Seems to me you're both right: the return current is bunched up under
trace, on the side of the ground plane adjacent to the trace.  This
"path" is surrounded by copper.  To paraphrase Doug Smith, a local EMC
consultant, the other side of the plane might as well be on the moon.

Bob Perlman
Cambrian Design Works
http://www.cambriandesign.com

"Bob Perlman" <bobsrefusebin@hotmail.com> wrote in message 
news:st8gd39018b9sr1aqur727crpgdqjc2nbf@4ax.com...
> Hi -
>
> On Fri, 31 Aug 2007 13:38:11 +0100, Brian Drummond
> <brian_drummond@btconnect.com> wrote:
>
>>On Fri, 31 Aug 2007 11:02:13 +0100, "Symon" <symon_brewer@hotmail.com>
>>wrote:
>>
>>>"John_H" <newsgroup@johnhandwork.com> wrote in message
>>>news:13de6b5q88e3ke1@corp.supernews.com...
>>>> "PeteS" <axkz70@dsl.pipex.com> wrote in message
>>>> news:H-ydnSZMEttzlkrbnZ2dnUVZ8vidnZ2d@pipex.net...
>>>> <snip>
>>>>>
>>>>> I have a number of pretty pics I made to illustrate the issue. I'll 
>>>>> put
>>>>> 'em on a.b.s.e tomorrow sometime.
>>>>>
>>>>> As an aside, at high speeds (which I define as having a track longer 
>>>>> than
>>>>> 1/4 rising/falling edge, YMMVG), there is no such thing as 'ground'. 
>>>>> The
>>>>> ground plane is a signal layer insulated by copper ;)
>>>>> [Although it helps to keep large power currents away from the high 
>>>>> speed
>>>>> return paths].
>>>>>
>>>>> Cheers
>>>>>
>>>>> PeteS
>>>>
>>>> Since without a ground one has a dipole antenna, could you qualify what
>>>> you mean?  The impedance of the plane is measured in units of picoHenry
>>>> per square so it's not a solid ground, certainly, but without a ground
>>>> we'd be in a world of hurt at these high frequencies.
>>>>
>>>I think Pete means that at high frequencies the skin effect means that 
>>>the
>>>current in the plane is all on one surface of the plane. Thus the bulk of
>>>the plane might as well be an insulator. Or something like that?
>>
>>I think he means the return current is mostly localised directly under
>>the signal track; the copper under the "space" between tracks carries
>>relatively little current and could *almost* be replaced by insulator.
>>
>>- Brian
>
> Seems to me you're both right: the return current is bunched up under
> trace, on the side of the ground plane adjacent to the trace.  This
> "path" is surrounded by copper.  To paraphrase Doug Smith, a local EMC
> consultant, the other side of the plane might as well be on the moon.
>
> Bob Perlman
> Cambrian Design Works
> http://www.cambriandesign.com

Thanks to everyone for devining what PeteS means.
I understand skin effect.
I understand the confinement of return current for high frequencies.
I don't understand the statement that "there is no such thing as 'ground'."

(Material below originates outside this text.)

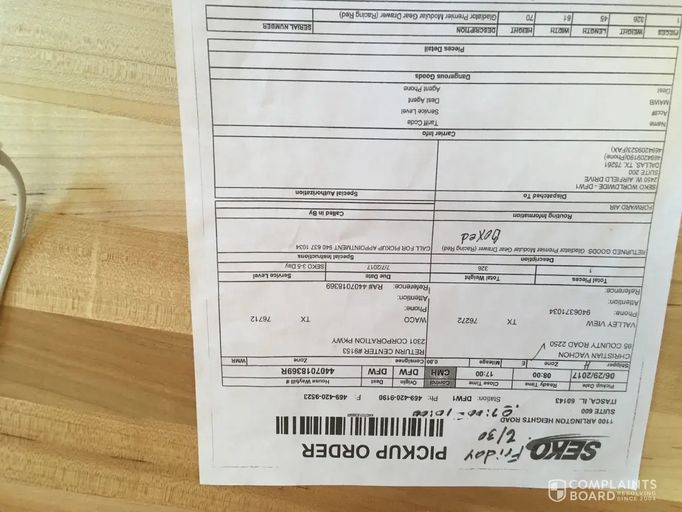 I order 4 things online on may 26th, 2017 (order [protected]). I received on June 12th one gear drawer from my order. On Sam's Club packing slip ([protected]) it said 2 and on seko (delivery waybill [protected]) it said one. So I received and sign for 1. It was damage so I call back and they give me a RA number [protected] and Seiko came pick it up on June 30th on waybill 4407018369R and they send me another gear drawer to replace the broken one. On July 12th I call back because I was still missing one item from my original order, the lady call Seko and found that Sams Club had ship 2 but Seko only delivered one. She was supposed to call me back to find the missing one and she never did. I call three different time after that over 2 month and after I tell my story, they put me on hold to check and at some point They hang up each time.

I was hoping Pete could conjecture what Pete meant.

- John_H 

John_H wrote:
> "PeteS" <axkz70@dsl.pipex.com> wrote in message 
> news:H-ydnSZMEttzlkrbnZ2dnUVZ8vidnZ2d@pipex.net...
> <snip>
>> I have a number of pretty pics I made to illustrate the issue. I'll put 
>> 'em on a.b.s.e tomorrow sometime.
>>
>> As an aside, at high speeds (which I define as having a track longer than 
>> 1/4 rising/falling edge, YMMVG), there is no such thing as 'ground'. The 
>> ground plane is a signal layer insulated by copper ;)
>> [Although it helps to keep large power currents away from the high speed 
>> return paths].
>>
>> Cheers
>>
>> PeteS
> 
> Since without a ground one has a dipole antenna, could you qualify what you 
> mean?  The impedance of the plane is measured in units of picoHenry per 
> square so it's not a solid ground, certainly, but without a ground we'd be 
> in a world of hurt at these high frequencies. 
> 
> 

Wow. Didn't know I would set off such a discussion :)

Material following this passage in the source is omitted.